Hajni Nagyné, a nurse of the St. Elizabeth Hospital in Tata, had a fever while working on May 18. A week later, she was fighting for her life on a ventilator. After a series of blood transfusions, dialyses and 68 days of medically induced coma, she lost 26 kilograms of weight. She was treated in a hospital for four months. Now, with her legs still paralyzed, she is struggling to regain the strength of her muscles with daily physiotherapy. “I can’t even hear about Covid… I still cannot read my own medical records. I don’t want to think about what I’ve been through,” she said about her trauma in the recent months.
Hajni is just one of more than a dozen employees at Tata Hospital who have fallen ill of coronavirus. Her case is the most serious, but several of her other colleagues were in a serious condition during the first wave of the pandemic in April and May. Direkt36 has managed to uncover the events in Tata using internal hospital documents and the help of sources from within the institution.
At the end of April, the hospital of the nearby town of Tatabánya was shut down due to a serious internal epidemic. During April and May, patients were regularly transported from Tatabánya, the city, that was struggling with the spread of the infection, to Tata, an affiliate of the Tatabánya hospital. Soon, a number of cases emerged in Tata as well.

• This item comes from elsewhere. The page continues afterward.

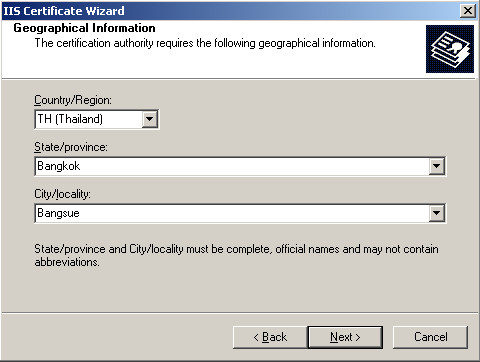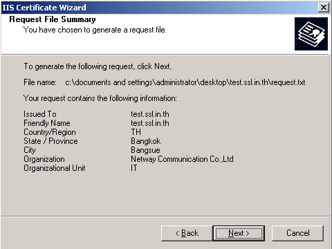 11. ตรวจสอบความถูกต้องของข้อมูลอีกครั้งหนึ่ง เมื่อตรวจสอบว่าถูกแล้วให้ทำการกด Next แล้วก็กด Finish ก็เสร็จขั้นตอนการ Generate CSR

According to management’s plan, the goal of the transports was to ease the burden on the struggling hospital in Tatabánya. The patients arriving to Tata were supposed to be “clean”, not having contracted the virus. Because of this, the staff in Tata cared for the patients wearing no effective protective equipment. But the patients weren’t tested properly before their transports. Due to the lack of PCR tests at the time, only blood tests were used. These, however, are unable to show an ongoing infection. The results of these tests were negative, yet during April and May, a number of staff members became infected in Tata, including nurses, cleaners, a janitor, a doctor and one of the hospital’s chief nurses. Many of them started to show symptoms after getting in touch with patients from Tatabánya.
After more than twenty patients had tested positive, the hospital of Tata was shut down. Hajni and one of her colleagues spent weeks in intensive care. Some of the infected staff members quit their jobs since, others can’t wait for their retirement.

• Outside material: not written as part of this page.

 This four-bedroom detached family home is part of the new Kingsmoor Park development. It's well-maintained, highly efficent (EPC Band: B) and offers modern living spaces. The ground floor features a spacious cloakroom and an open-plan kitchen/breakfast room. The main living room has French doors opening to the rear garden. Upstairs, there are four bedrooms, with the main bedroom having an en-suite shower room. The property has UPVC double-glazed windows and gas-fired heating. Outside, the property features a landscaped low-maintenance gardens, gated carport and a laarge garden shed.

There was no public discourse about what happened in Tata. Hospital management merely stated that the high number of infections were the result of their careful and thorough testing procedures. However, internal documents and the background information provided by hospital staff show that shortages in protective equipment and tests contributed to the epidemic. In addition, the hospital struggled with severe shortage of staff, with many workers working 12-hour shifts without rest and change.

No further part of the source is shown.